When there are two tracks alongside the "Matais", after a strike, the Kang veers to the left; this situation is referred to as "Hanba". If it crosses the final boundary with three tracks in the center, it is also called "Hanba"; otherwise, it is identified as "Handaba".

== Role of Women in Kang ==
Kang play was traditionally participated in by both boys and girls in the past. In these performances, boys typically occupied the outer four positions while the three roles, including Chekphei and Langjei, were taken by women.

Such matches were organized either within the community or during special occasions. However, in 1980, an all-women Kang tournament was held at the temple of Lord Ramji Prabhu in Imphal. This tournament is now held annually and is organized by the All Manipur Women Kang Association, which was founded in 1982.

== Kang Tharo Sannaba for Children ==
Children enjoy playing Uri-kang, thus it came to be known as "Anganggi Kang Tharo Sannaba".

This game can be played on a flat surface with either two players or two teams, but it's also possible to play individually. Two lines are marked around ten feet apart. The game begins with an Urikang positioned on one line, its wider side facing the opposing team if present. The player rolls their Kang toward a designated spot on the ground. As the Kang moves, the player follows along and attempts to hit it with their hand. The rolling Kang is required to stay behind the line, even if it gets very close to the target. The Kang measures about three lums in width (approximately ten khudups) and six lums in length (around twenty khudups), though these dimensions may vary based on available space.Lines referred to as Leeris are indicated with small ropes to define the game's boundaries. The primary lines for this game are the Lamtha Leeris and Kangpha Leeris. Each playing area contains eight Chekphei Kangkhuls and seven Lamtha Kangkhuls, which indicate where the seven players should be positioned.

== Evolution of Kang ==
As time passed, the game underwent changes and enhancements. The term "Kang" originates from Kangkhil, which signifies the seed of a plant known as Kangli. Eventually, the Uri-kang or Kangkhil was substituted with circular pieces crafted from wood for commoners and ivory for nobility.Subsequently, the circular Kang was replaced by a piece shaped like an oval, made from buffalo horns, tortoise shells, and various other materials. Around the year 1851, during the reign of King Chandrakirti, the game was refined to include a designated playing area, established rules, and a team called Kangkhut composed of seven players. The most current iteration involves an egg-shaped piece created from lac and similar substances.

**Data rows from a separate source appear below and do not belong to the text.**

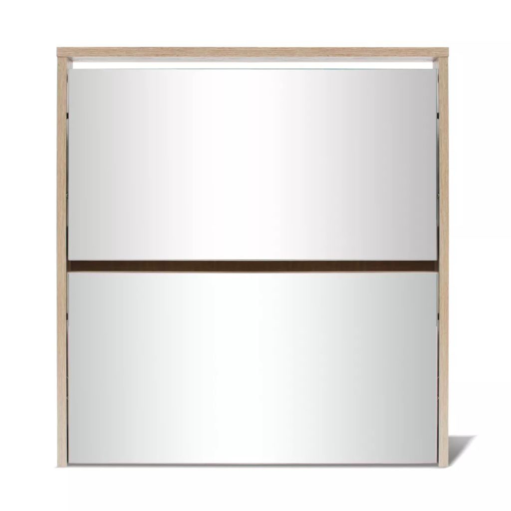 O organizador espelhado de sapatos tem duas gavetas de puxar, cada uma das quais pode acomodar 3 a 4 pares de sapatos. A sapateira é montada diretamente na parede. Este armário de hall forte e durável é feito de materiais de alta qualidade, tornando-o um lugar altamente prático para armazenar os seus sapatos com estilo e sem desorganização.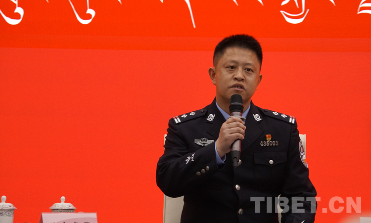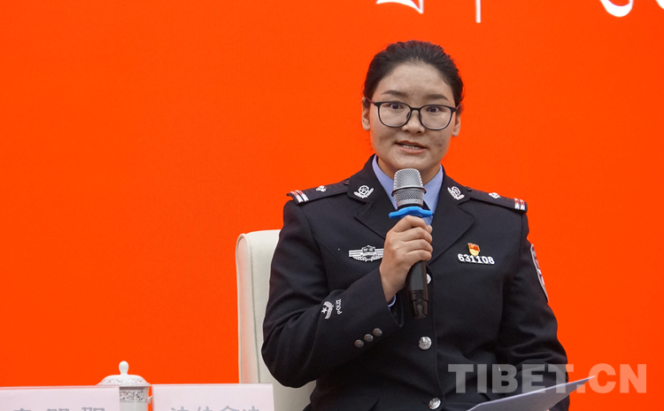圖為那曲市色尼區(qū)公安局紀(jì)檢監(jiān)察室主任達(dá)娃倉決分享青春擔(dān)當(dāng)故事 攝影:王媛媛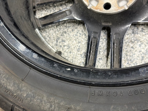 The wheel is in good condition. Scratches and nicks on the spokes which is normal. NO curb rash on the front lip. There is some rash on the backsde lip in a couple spots. There are surface scratches and one larger nick on the black finish. Pictures show exact condition if something wasn't mentioned. Would make a great full size spare.

Today, plastic Kang pieces are becoming very popular.

== Organizations ==
In Manipur, there are three groups that organize tournaments and manage the game:

- The All Manipur Kang Association, started in 1952; the All Manipur Kang Control Board, set up in 1972.
- The All Manipur Women Kang Association, formed in 1982.

In 1960, the All Manipur Kang Association revised their regulations to establish a standard version of Kanglon utilized throughout the state. The Manipur Kang Control Board was created in 1972 with slightly altered rules. In 1989, the Manipur Kang Federation was founded to develop a unified set of regulations for Kanglon. This initiative resulted in modifications to the rules of both the All Manipur Kang Association and the Control Board, merging them into what is now referred to as the Federation Rules of 1989.